- 77 -

ГЛАВА 11

«СМЕНА КАБИНЕТА»

 

Новые руководители Кемлагеря — Военный парад — Чекист-многоженец — Злоупотребления продолжаются.

 

Весной 1924 года персонал на Поповом острове был заменен. Члены УСЛОНа (Управление Соловецкого лагеря особого назначения) и руководство в монастыре осталось на своих местах. Это как раз и было то, что заключенные прозвали «сменой кабинета».

Вместо Гладкова начальником Кемлагеря был назначен Иван Иванович Кириловский, бывший сержант одного из гвардейских полков. Как уже говорилось выше, он отказался принять руководство лагерем, пока центральным правительством не будет назначена специальная комиссия по проверке лагерной документации. Когда комиссия обнаружила расточительство и мошенничество в невообразимых размерах, Гладкова приговорили к пятилетней ссылке за «мошенничество и халатное отношение к возложенным обязанностям». Мамонов, непосредственно виновный в преступлении, не понес никакого наказания. И, вероятно, поэтому сам Гладков через два дня после приговора был прощен и получил назначение в ГПУ города Калуги.

До прибытия Кириловского по лагерю пронеслась весть, что он вполне приличный человек. Скоро представилась возможность воочию убедиться в его «порядочности». Кириловский до сих пор находится во главе лагеря, имея тех же помощников. Его приезд оказался подходящим поводом для проведения тщательно отрепетированной церемонии. Эйхманс (уже знакомый читателю), чьей мечтой было превратить лагеря в военные поселения аракчеевской эпохи[1], несколько дней подряд

 


[1] Граф Аракчеев (1769—1834) — выдающийся военный русский деятель. План военных поселений, который он безуспешно пытался осуществить, был частью большого количества проектов императора Александра I.

- 78 -

выстраивал голодных арестантов, включая женщин и детей, и заставлял их разучивать различные движения, подчиняться словам команды — все в военном духе. Когда Кириловский приблизился к лагерю, нас выстроили в два ряда. «Внимание! Равнение направо!» Староста подошел в Кириловскому с рапортом: «Во вверенном мне трудовом полку все в порядке». То же самое проделали командиры трудовых рот. Затем Кириловский поприветствовал нас: «Добрый день!» Этот пошлый фарс продолжался около часа. Под конец Кириловский спросил, имеет ли кто-нибудь просьбы или жалобы на администрацию. Конечно же вопрос остался без ответа. Если бы кто-то и дерзнул пожаловаться, то его в тот же день забили бы до смерти «смоленскими палками», бросив на Секирку.

Помощником Кириловского по административной части был, как я уже упоминал, Торопов, отпетый негодяй с вытаращенными бараньими глазами. Первоначально он командовал взводом 95-й дивизии войск ГПУ, охраняющий Попов остров. Помимо безнадежной глупости, его отличительной чертой является то, что, куда бы он ни попал, всюду женится. На Поповом острове Торопов не удовлетворился гаремом из арестанток и в шестой раз женился на «трескоедке» (трескоеды — прозвище жителей рыбацких поселков в окрестностях лагеря, чьей основной пищей является треска).

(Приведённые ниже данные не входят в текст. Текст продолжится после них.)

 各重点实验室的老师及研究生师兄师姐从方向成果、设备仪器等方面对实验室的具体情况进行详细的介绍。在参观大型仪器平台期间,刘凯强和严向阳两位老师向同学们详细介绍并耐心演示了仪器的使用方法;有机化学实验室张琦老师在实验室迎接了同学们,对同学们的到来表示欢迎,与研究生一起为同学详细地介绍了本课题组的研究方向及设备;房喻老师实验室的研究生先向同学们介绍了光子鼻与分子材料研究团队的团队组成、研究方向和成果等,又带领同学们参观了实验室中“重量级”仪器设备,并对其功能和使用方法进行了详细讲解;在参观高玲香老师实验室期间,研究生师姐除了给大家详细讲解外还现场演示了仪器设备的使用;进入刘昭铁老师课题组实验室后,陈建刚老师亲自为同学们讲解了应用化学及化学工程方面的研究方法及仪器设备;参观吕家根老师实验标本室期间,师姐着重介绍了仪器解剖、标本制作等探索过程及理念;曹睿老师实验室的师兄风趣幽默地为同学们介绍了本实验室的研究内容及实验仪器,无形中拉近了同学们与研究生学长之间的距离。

Помощником Кириловского по хозяйственной части был Николай Николаевич Попов. Он на удивление хорошо одевался и, как ни странно, не являлся ни чекистом, ни даже коммунистом. Это был очень загадочный субъект. Иногда Попов говорил, что некогда служил гвардейским офицером, иногда — в министерстве при царе, иногда адъютантом Троцкого. Но в любом случае, он производил впечатление хорошо образованного человека и с виду походил на поляка. Попов заикался и к контрреволюционерам относился со злобой и ожесточением. Когда заключенные проходили мимо него, следуя на работу, он имел привычку обращаться к окружавшим его чекистам нарочито громким голосом, чтобы услышали контрреволюционеры: «Это шайка уголовников. Вы слышите—уголовников. Они—враги. Мы приструним всю эту свору!»

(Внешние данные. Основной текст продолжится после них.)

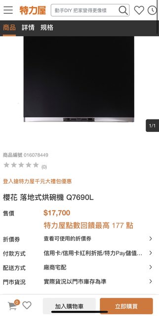 標題[交易] 全新櫻花 落地式烘碗機 Q7690L

«Смена кабинета» мало изменила положение заключенных. Единственной переменой было то, что их «при-

 

- 79 -

струнили», а разворовывание администрацией казенных денег и без того скромных арестантских пайков стало еще более упорным, чем раньше. Гладков крал открыто, Кириловский же—под прикрытием «честности».

Общая картина соловецкой жизни и порядков — мрачный звон колокола, призывающий на работу, репрессии, античеловеческий характер деятельности персонала — осталась прежней.